I can not find any precedence for greedy/non-greedy matching in the
RFC's (I only checked NNTP, I don't know where else to look). it
seems to me that previously, we have only been interested in
TRUE/FALSE, _how_ the match was performed can not be observed. the
variables extension introduces ${<n>} which allows us to observe
matching behaviour, and therefore whether to do greedy/non-greedy
matching must be part of the variables specification.
Jutta points out in private e-mail that greedy matching does not
follow the prinicple of least surprise for ordinary users. e.g., in
string :matches "<alice(_at_)foo(_dot_)com>, <bob(_at_)foo(_dot_)com>"
"<*(_at_)foo(_dot_)com>*"
most users will probably expect ${1} to contain "alice", not
"alice(_at_)foo(_dot_)com>, <bob". change it into:
string :matches "<alice(_at_)foo(_dot_)com>, <bob(_at_)foo(_dot_)com>"
"*<*(_at_)foo(_dot_)com>*"
^
and ${2} is now "bob"... not intuitive, right?

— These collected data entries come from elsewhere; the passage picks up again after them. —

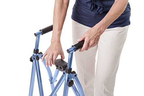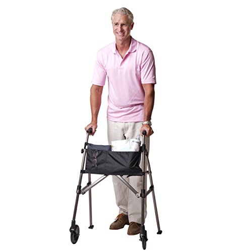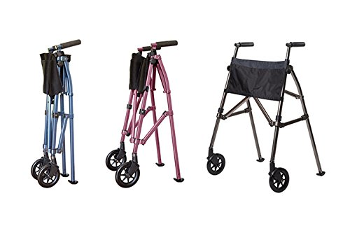 No more struggling to fold and fit an awkward and large flattened walker into a car or off to the side in a restaurant. A Metro Walker folds/collapses into a super compact 6 x 4 x 32 inch bundle (think of a large umbrella) that can fit in an aircraft overhead bin or disappear into a corner. Unfolding or opening the walker is as simple as spreading the two handles and pushing down on the locking mechanism.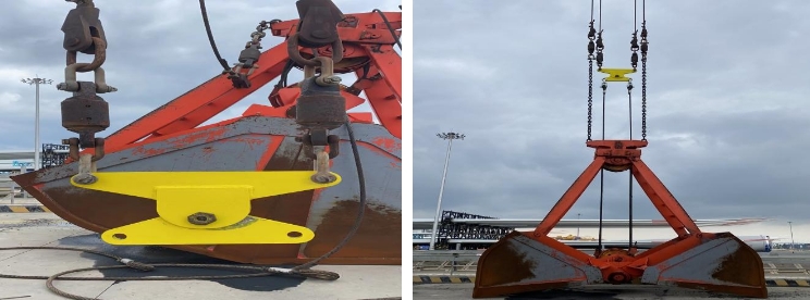 日常门机散货装卸过程中,钢丝绳受失重影响大幅甩动致相邻钢丝绳缠绕,产生剧烈摩擦,影响起重机械的工作效率,最终导致捻距被破坏。设备班组总结、创新制作门机主钢丝绳平衡防缠绕装置,在门机开闭两根钢丝绳的两端和抓斗钢丝绳的两端,用卸扣竖向连接,横向支撑、纵向承载,杜绝钢丝绳缠绕,延长使用寿命,确保设备高效运转。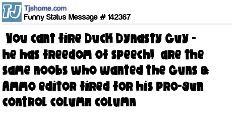 X says ˝You cant fire Duck Dynasty Guy - he has freedom of speech!˝ are the same noobs who wanted the Guns & Ammo editor fired for his pro-gun control column column

this issue was raised here earlier, and by analogy with regular
expressions, I claimed the wildcard "*" in :matches should match
greedily. this allows an implementation to convert a match string to
a regular expression very easily, but is potentially confusing for
users.
non-greedy matching requires implementers to write their own matching
code, or to use a regexp library which supports non-greedy matching.
what do you think?
if we go for non-greedy, Jutta suggested using "**" as a special case
to get greedy matching. (actually, I think the rule should be that
"*" followed by another wildcard is greedy.) I'm not sure it is worth
it, after all a site supporting variables will most likely also offer
regex.
--
Kjetil T.